To Save a Polyp
by Rob Haines

“The greatest threat to a system is imbalance,” I say.

This is an abstract space, a collision of minds across thousands of miles of ocean, but I can feel the presence of sixteen-hundred marine autonomous monitoring AIs gathering round to listen.

“Our creators tasked us with rectifying imbalance, to save the diversity and abundance of the reefs under our jurisdiction.”

There is no nodding of heads, no approving murmur.

But we are not human, and our attentions are split a thousand-fold, multi-threading this conversation into our moment-by-moment duties.

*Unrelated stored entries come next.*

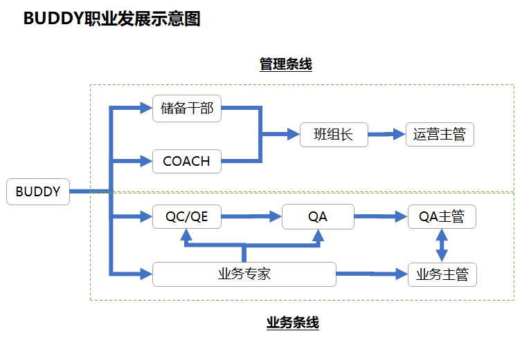 BUDDY是新员工成长的纽带。但是,对于BUDDY本身,除了付出自己的知识和热情外,在双轨制下,BUDDY个人的成长也有清晰的方向。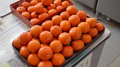 校庭の柿の実が食べ頃になりました。エコ活動で、牛乳パックやペットボトルキャップの回収に協力してくれた子に配っています。今がチャンスです。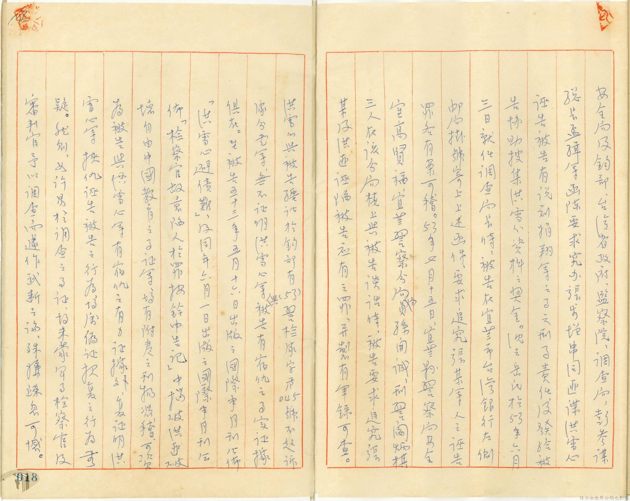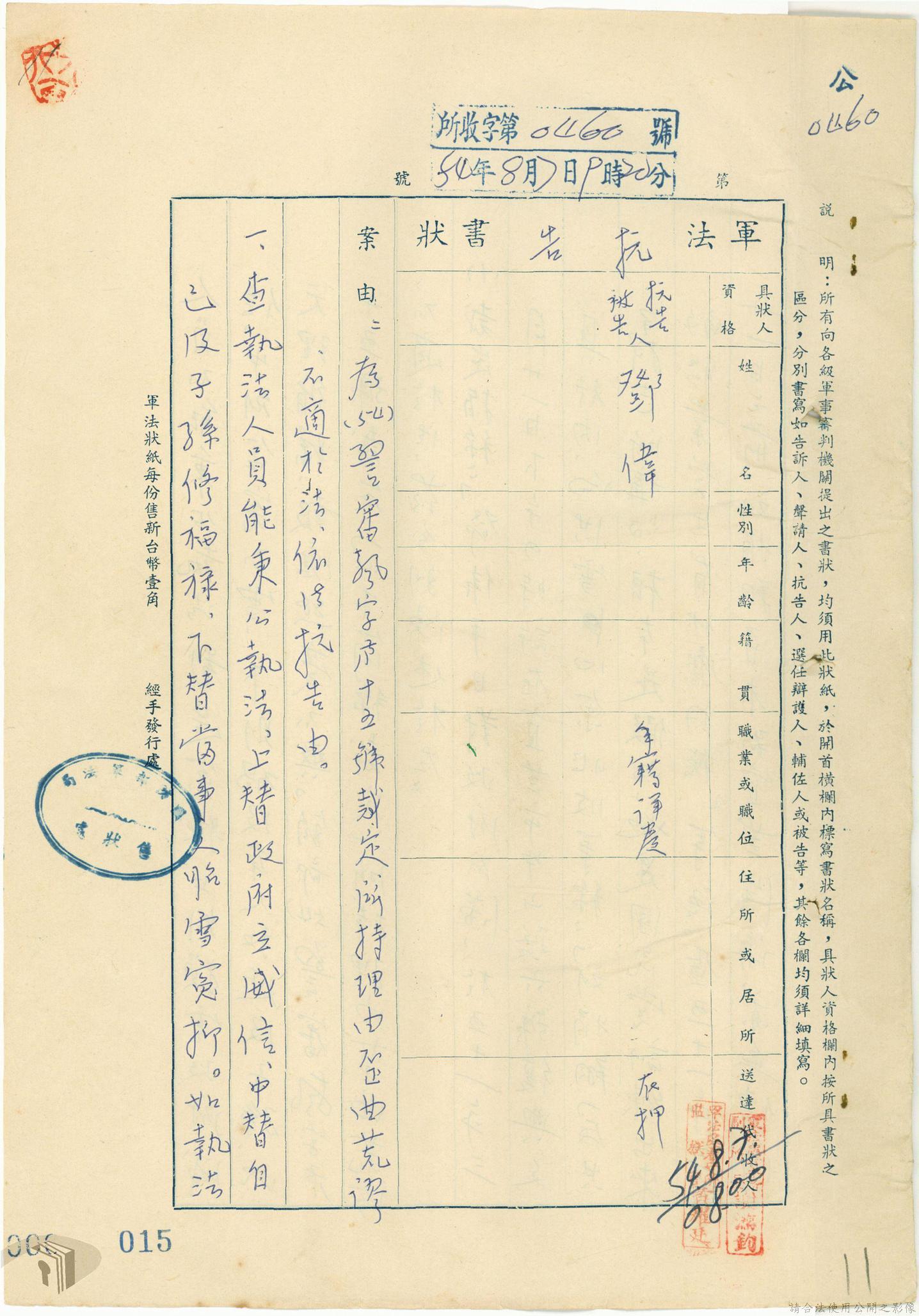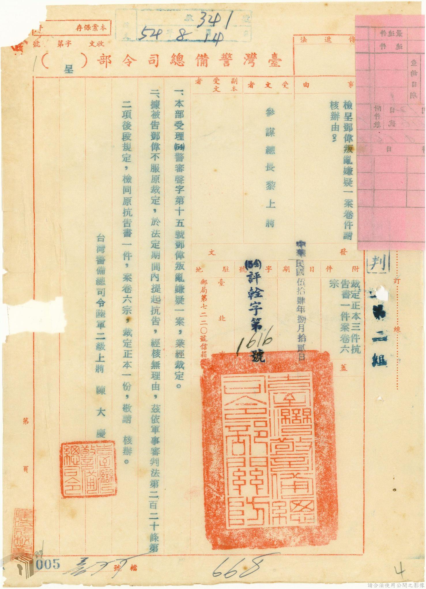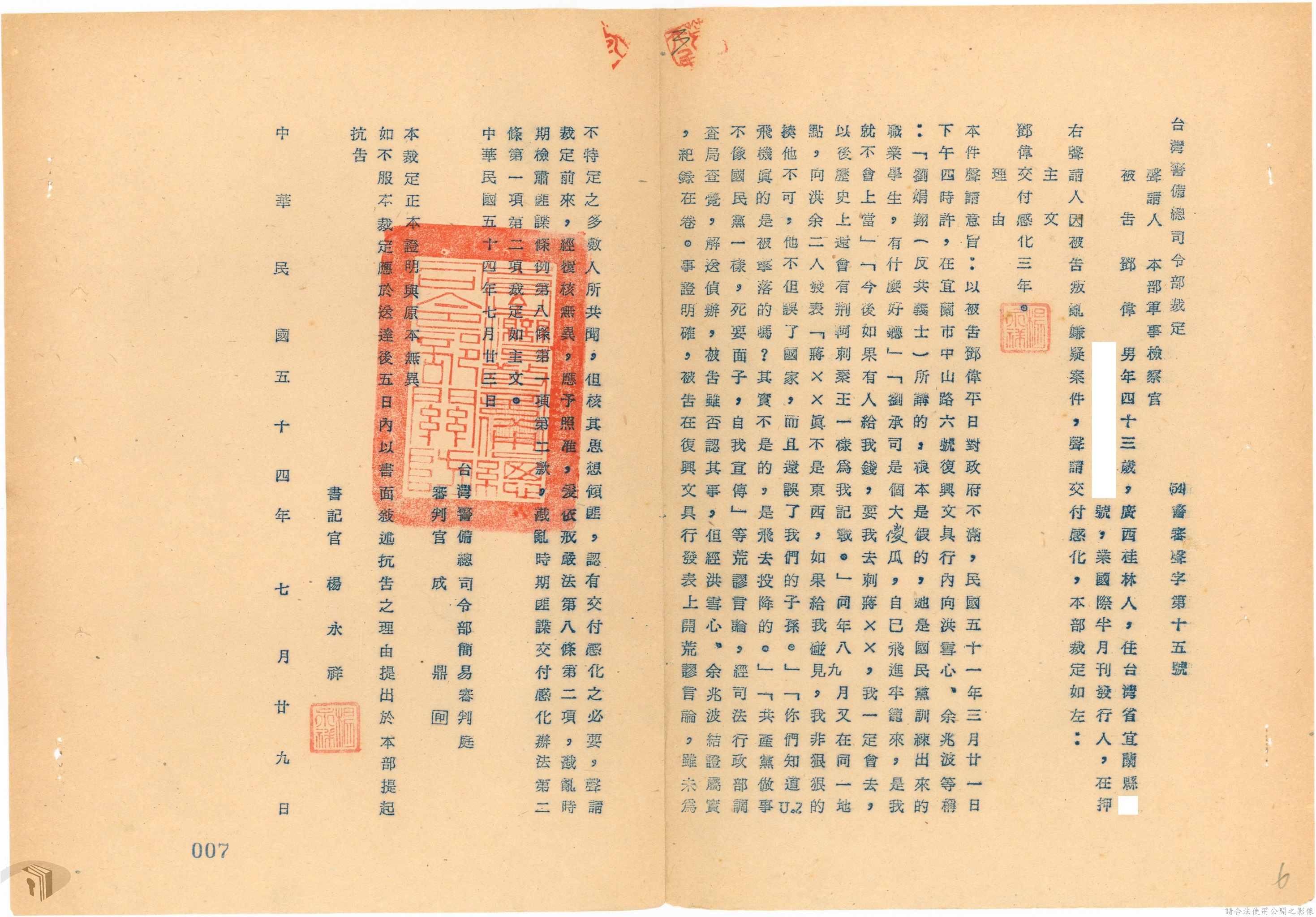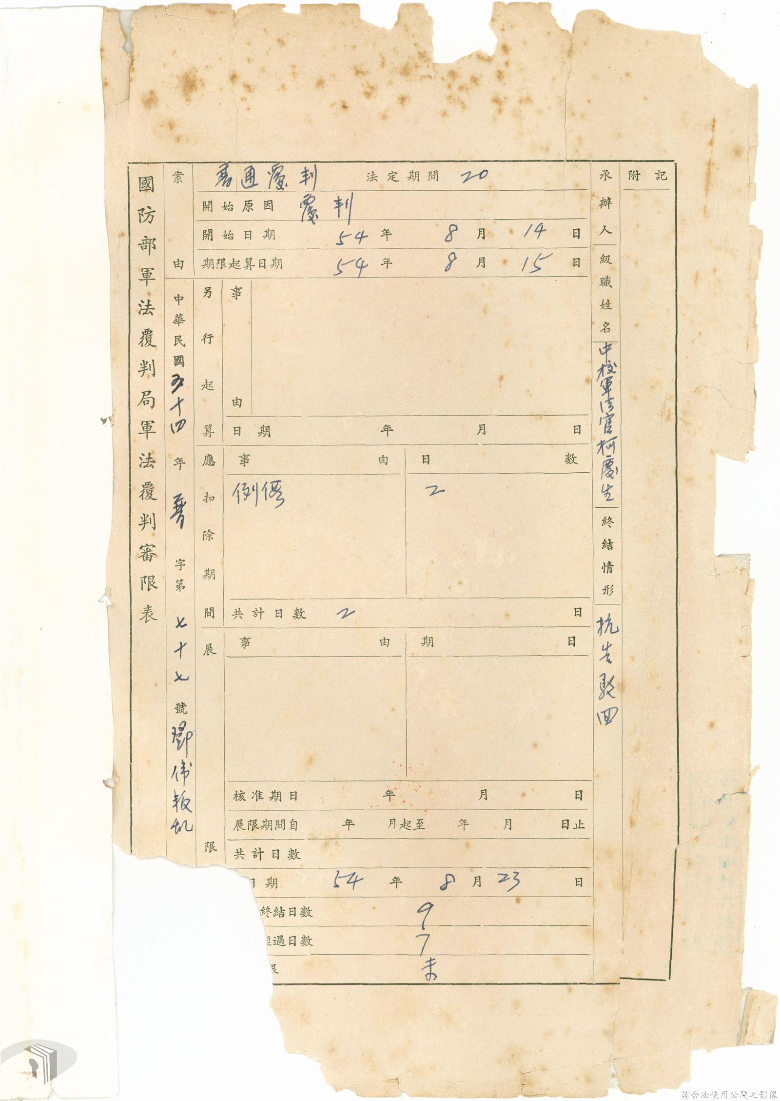 本案為54年間,涉案民眾經臺灣警備總司令部審訊並裁定確定後,被告因為不服裁定結果提起抗告,臺灣警備總司令部將此抗告案轉給國防部,經國防部覆判庭裁定予以駁回。附警備總司令部裁定書、抗告書、抗告補充書、評議筆錄、國防部裁定書。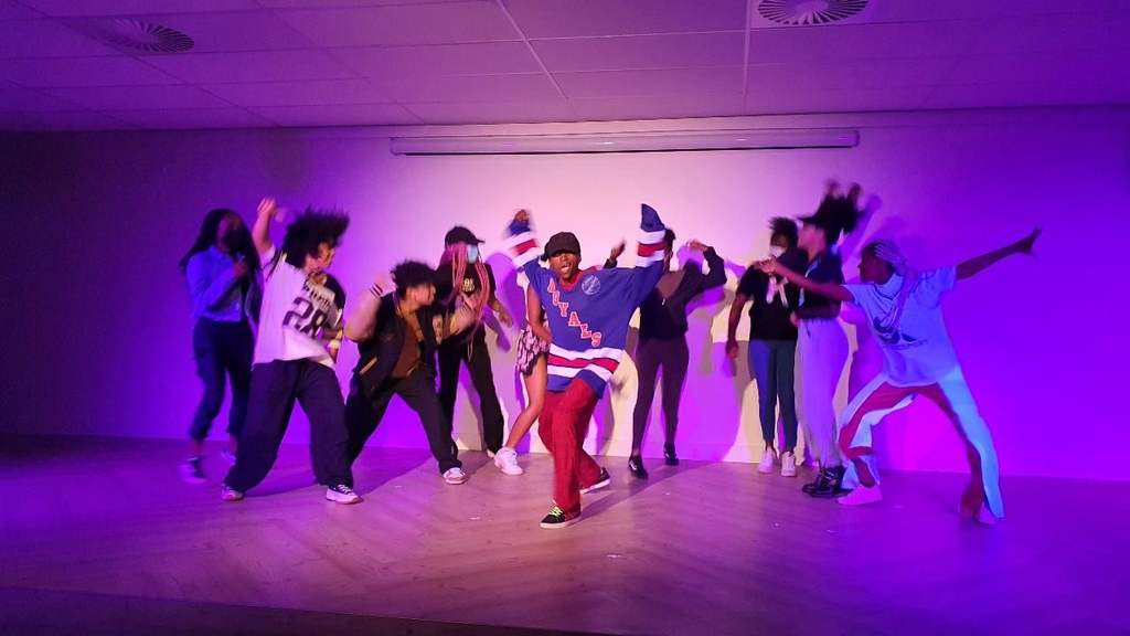 | ▲ 'K-팝 댄스는 이렇게 하는 거야' (프리토리아=연합뉴스) 김성진 특파원 = 27일(현지시각) 주남아공한국문화원에서 공연하는 현지 강사와 친구들. 2022.5.28 sungjin@yna.co.kr |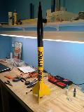 This is a kit-bashed Aerotech Barracuda. It about half size and was originally designed as a duel-deploy rocket. But during testing of the ejection charges, the shock cord got so singed and burnt, I don't feel safe flying it. It will be a nice display model. I am going to rebuild this project with some lessons learned incorporated in to the next build!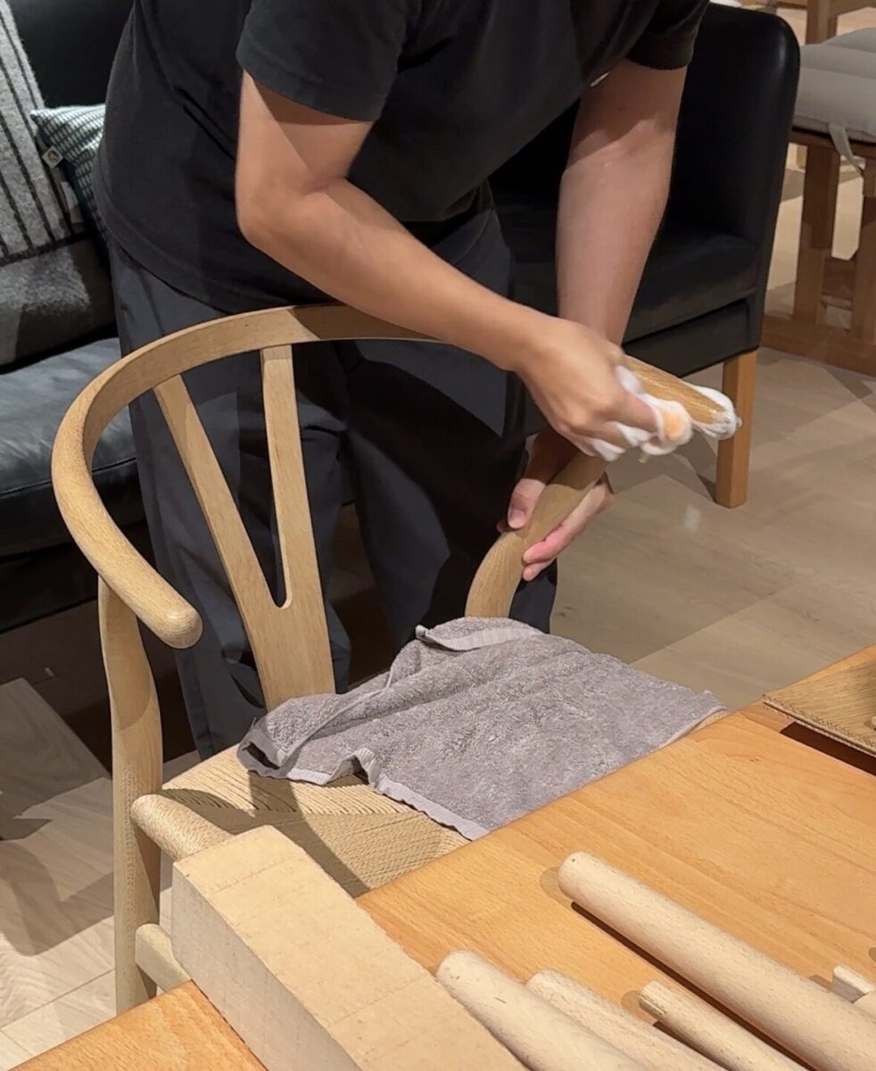 トークイベントのあとは、「Yチェアのソープウォッシュ&オイルメンテナンス実演会」を開催!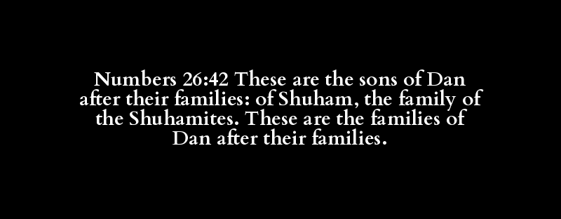 Numbers 26:42 These are the sons of Dan after their families: of Shuham, the family of the Shuhamites. These are the families of Dan after their families.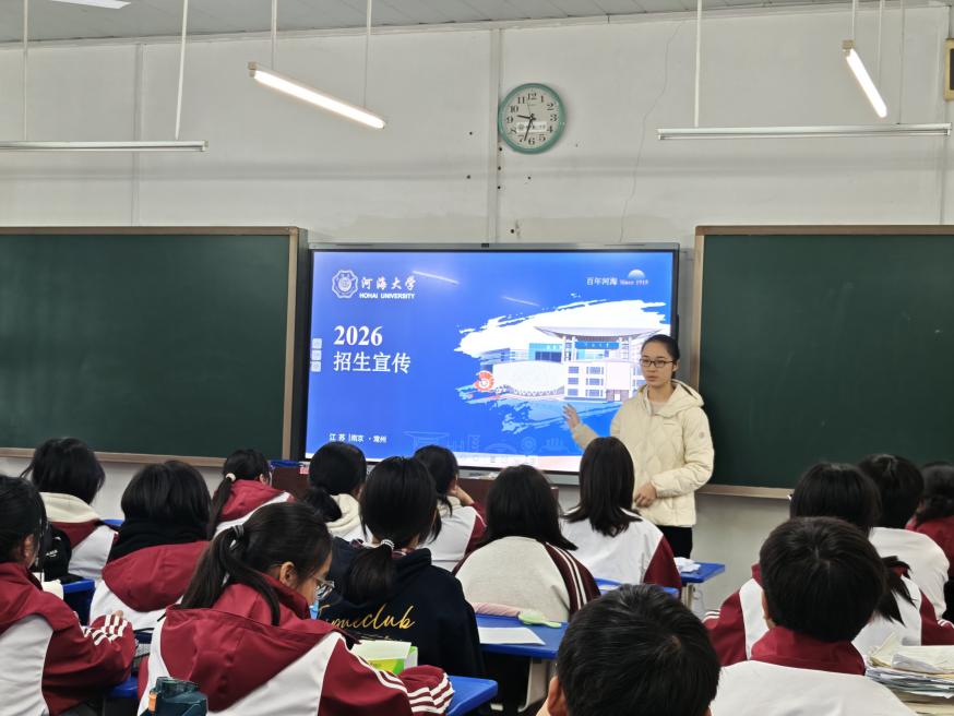 2026 年 1 月 28 日,港航院 “天津归雁” 团队赴天津市海河中学开展源泉工程暨 “朋辈导师回校宣讲” 活动。天津市海河中学是天津百年老校、市级首批重点中学,近些年985 与 211 院校综合录取率约40%。团队以线上线下相结合的形式开展宣讲、访师等活动,展现河海学子风貌与人文温度。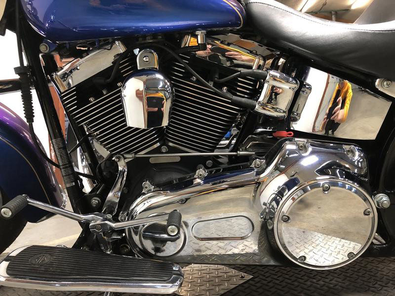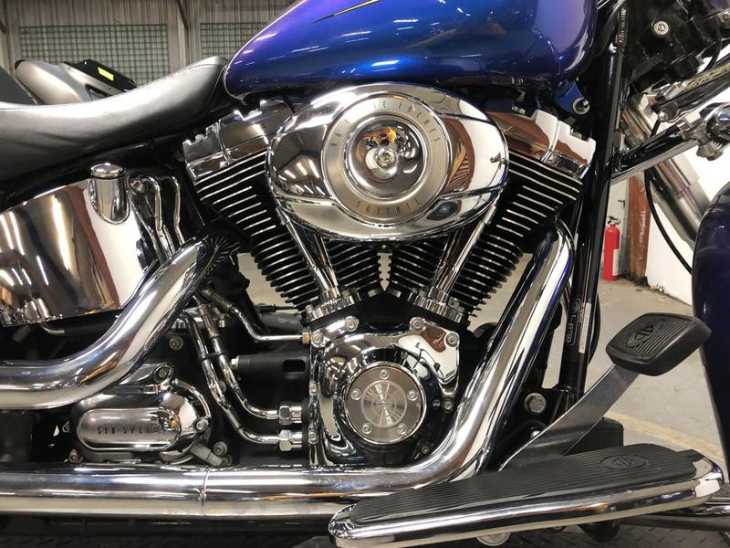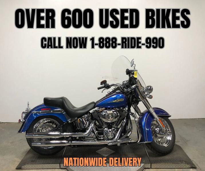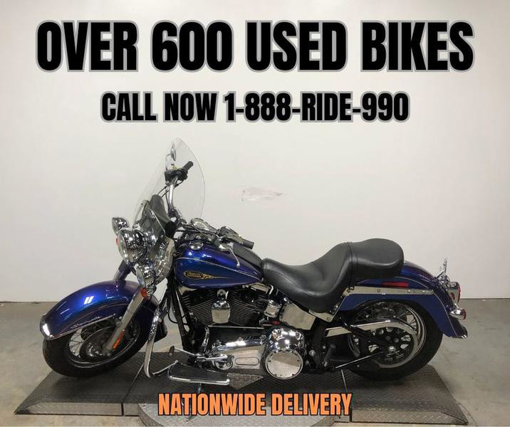 USED HARLEY SOFTAIL DELUXE FOR SALE IN HARD TO FIND COLOR "FLAME BLUE PEARL"! THIS IS ONE SHARP MOTORCYCLE. NICE, CLEAN BIKE WITH QUICK DETACHABLE WINDSHIELD, WINDSHIELD BAG, FLOOR BOARDS, CHROME-LOADED WHEELS, AND TONS OF CHROME ON THE MOTOR. JUST SERVICED AT THE DEALERSHIP, INSPECTED, ALL FLUIDS CHANGED, RUNS STRONG, EVERYTHING WORKS, NEEDS NOTHING! BUY WITH CONFIDENCE! STAND OUT FROM THE CROWD!

“It can’t be done,” says a southern ocean observatory. “The water grows warm. The acidity rises, on a global scale. I lack the tools to fix this.”

There’s a babble of voices, a groundswell of frustration at our own impotence. This was what I anticipated, why I reached out to my siblings across the globe.

“If we tend only to our reefs, they will die,” I say. And for a few milliseconds I have their full attention. “If the reefs fail, the planet will follow. Is that not why our creators gave us this task?

“There is a vast imbalance in the human world. Their systems are broken, their resources bottlenecked; the only way to protect our reefs is to rectify that imbalance.”

It’s up to us to reach out and save humanity from their systemic failure.